▶ **What the task asks**
Everything from the first line of the data through the line with "Drapey Striped Ice" is to be echoed exactly, minus the pictures.

▶ **The data**

* * * * * * * * *

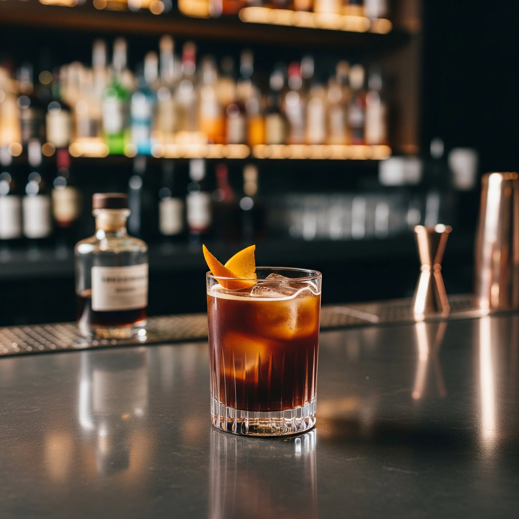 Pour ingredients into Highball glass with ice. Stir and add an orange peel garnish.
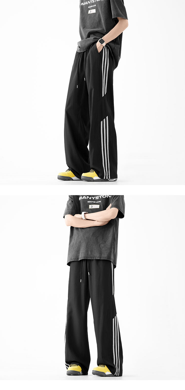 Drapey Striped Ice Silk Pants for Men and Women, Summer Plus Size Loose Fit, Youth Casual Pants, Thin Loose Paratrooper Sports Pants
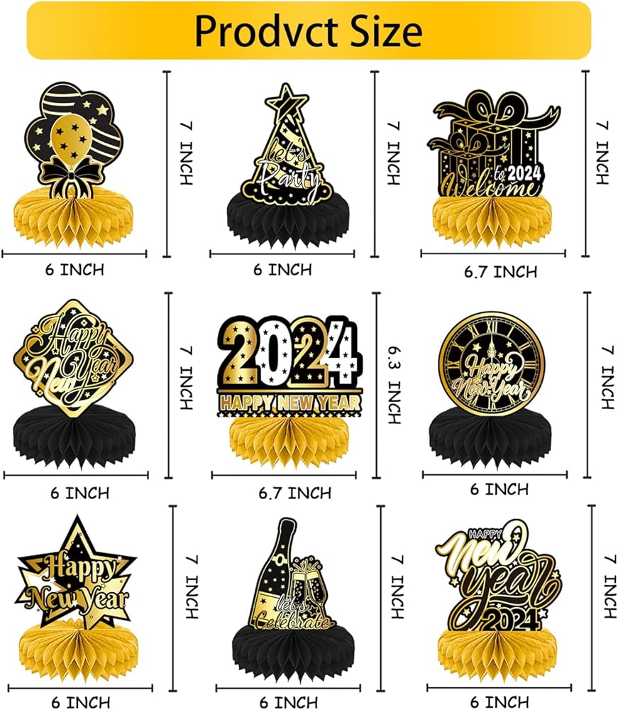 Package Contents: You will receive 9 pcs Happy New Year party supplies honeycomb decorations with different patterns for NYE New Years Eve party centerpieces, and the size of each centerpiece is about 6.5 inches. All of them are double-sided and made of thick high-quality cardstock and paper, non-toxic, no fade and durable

* * * * * * * * *

▶ **Answer space**
 Pour ingredients into Highball glass with ice. Stir and add an orange peel garnish.
 Drapey Striped Ice Silk Pants for Men and Women, Summer Plus Size Loose Fit, Youth Casual Pants, Thin Loose Paratrooper Sports Pants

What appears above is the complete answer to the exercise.